Much has changed in the world of water, food and environment, IWMI’s chosen niche, over the last seven years. Many useful bridges have been built between the agriculturalists and the environmentalists involved in water. Agriculture and wetlands is now a topic discussed among the ecologists in the Ramsar Convention while biodiversity in agro-ecosystems is on the agenda for agriculturalists. There is improved dialogue on many fronts between the two sectors.

The CA focuses on agriculture but with a firm input from the environmental perspective. The CGIAR Challenge Program on Water and Food (CPWF) addresses many of the key issues identified as priorities in the CA in the field. IWMI has played a key role in the development and implementation of both the CA and CPWF and is pleased – and proud – to be associated with the emerging results and recommendations from both programs.

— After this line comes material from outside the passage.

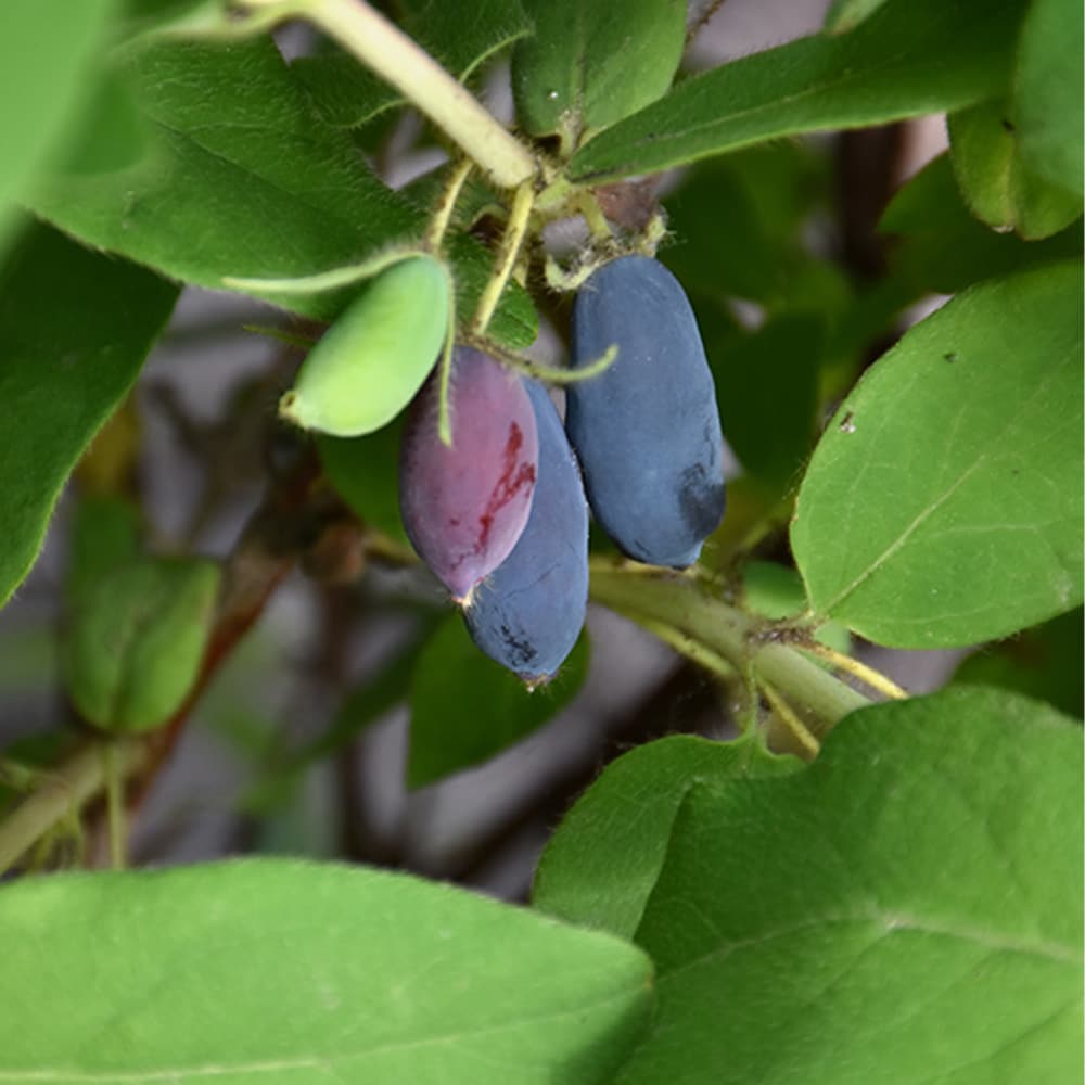 Aurora Honeyberry is a medium-sized shrub that is typically grown for its edible qualities, although it does have ornamental merits as well. It produces blue round berries which are usually ready for picking from late spring to early summer. The berries have a sweet taste.

So what does this assessment conclude? Is there enough water or are we running out? The CA’s answer is that we are running out of water to satisfy all demands in many locations - the closed and closing river basins - and that this will worsen if present policies continue. That is the bad news. But the CA also presents key opportunities to alleviate or prevent such water crisis situations. One of the most surprising conclusions presented with authority by the CA is its optimistic view on rainfed agriculture, particularly in Sub-Saharan Africa. The CA concludes that one of the key opportunities to address poverty and improve water productivity lies in Africa’s savannahs.

While many may be skeptical that major progress can be made in such a difficult environment, where real success has escaped us despite decades of trying, the evidence shows that this is indeed possible. In Brazil, the savannahs – called ‘cerrados’ there – have been developed successfully and crop and water productivity has increased dramatically.

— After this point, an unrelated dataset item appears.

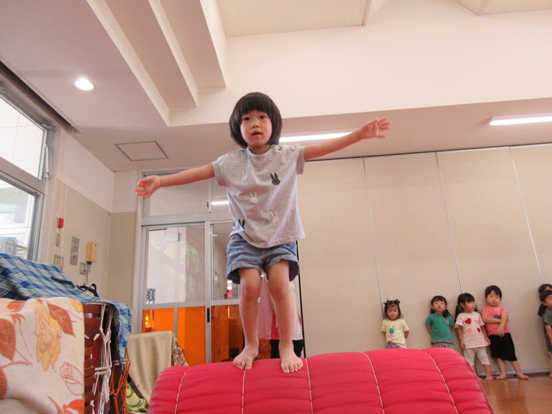 9月に入りましたが、まだまだ暑い日が続きそうですね・・・。 最近のぱんだ組さんは運動会の練習や着替えを頑張っています! 運動会でははらぺこあおむしになって大冒険をしてもらいます! 山登りをしたり、トンネルをくぐったり、一本橋を通ってみたり・・・。 トンネルや平均台は以前もしたことがあるのですが、山登りは初! 最初は恐る恐る登っていたみんなですが、慣れてくると頂上からのジャンプも平気に!かっこよく飛んでいますよ☆ 9月からはパジャマのお着替えが上下になりました! ズボンはもうお手の物ですが、Tシャツがなかなか難しい(-_-;) 先生と一緒にお着替えを頑張っていますよ! ぱんだ組ももう後半に差し掛かり、以前よりも活動内容が増えましたが、毎日楽しそうに活動に参加しています! 運動会、楽しみですね♪ |
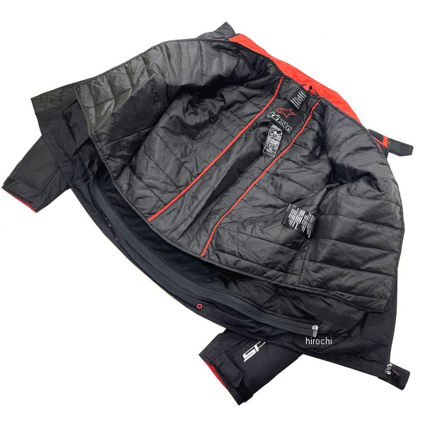 アルパインスターズ T-SP S ウォータープルーフ ジャケット ASIAサイズ:Lカラー:ブラック/レッドフロー・長袖防水ライナー(サーマルライナー)を標準装備し秋冬はもちろん、取り外すことにより春夏にも仕様可能・防水仕様・袖、ウエストにはバタつき防止とフィット感を調節可能なアジャスター付き・袖形状は人間工学に基づき立体縫製されスポーツライディングに最適な設計・肩、肘にはBIO FLEX PLUS(バイオフレックスプラス)インナープロテクターを標準装備(取り外し可能)・胸部、背中には別売りのNUCLEONプロテクター装着可能・防水インナーポケット付き・CE規格

The assessment puts forward key recommendations for improving water management in agriculture to address the world water crisis, backed by the authority of over 700 scientists and careful analysis in this report and a series of companion volumes. We are confident that the CA – with proper translation to regional, national and basin level realities – will prove to be a crucial guide for water policy in agriculture. It has already been important for sharing knowledge among researchers and research organizations and for setting research agendas. We hope and expect that the investments made by so many in this assessment will turn out to be a stepping stone out of poverty for many of the millions of poor rural people that struggle with water scarcity today.

The Board is convinced that IWMI is well positioned to face its challenges in the years to come and make an impact on the health and well-being of poor people through improved management of their natural resources - first and foremost their water and land resources.

May 2007

   
(Signed)
(Signed)
Nobumasa Hatcho
Board Chair
Frank Rijsberman
Director General

                                                  

 

By coincidence, Frank Rijsberman, who initiated the Comprehensive Assessment when he joined IWMI in the year 2000, is leaving the institute as the CA is completed. The Board is in the process of recruiting a successor and has appointed David Molden to the position of Acting Director General from June 1st, 2007.

The Board would like to commend Frank for his successful leadership of the Institute during the past seven years. As is well documented elsewhere, IWMI has grown and blossomed over the period under his leadership.

The overall conclusion of the 3rd External Program and Management Review of IWMI was that the institute has emerged from its period of rapid growth as a larger, more diverse, more proactive and generally stronger research organization, with enhanced human resources management.

IWMI has benefited greatly from the leadership of a strong and dynamic Director General since 2000. The IWMI Board fully agrees with this endorsement of the external review panel and wishes Frank well as he goes on to new challenges in helping to build Google’s new philanthropic arm, google.org.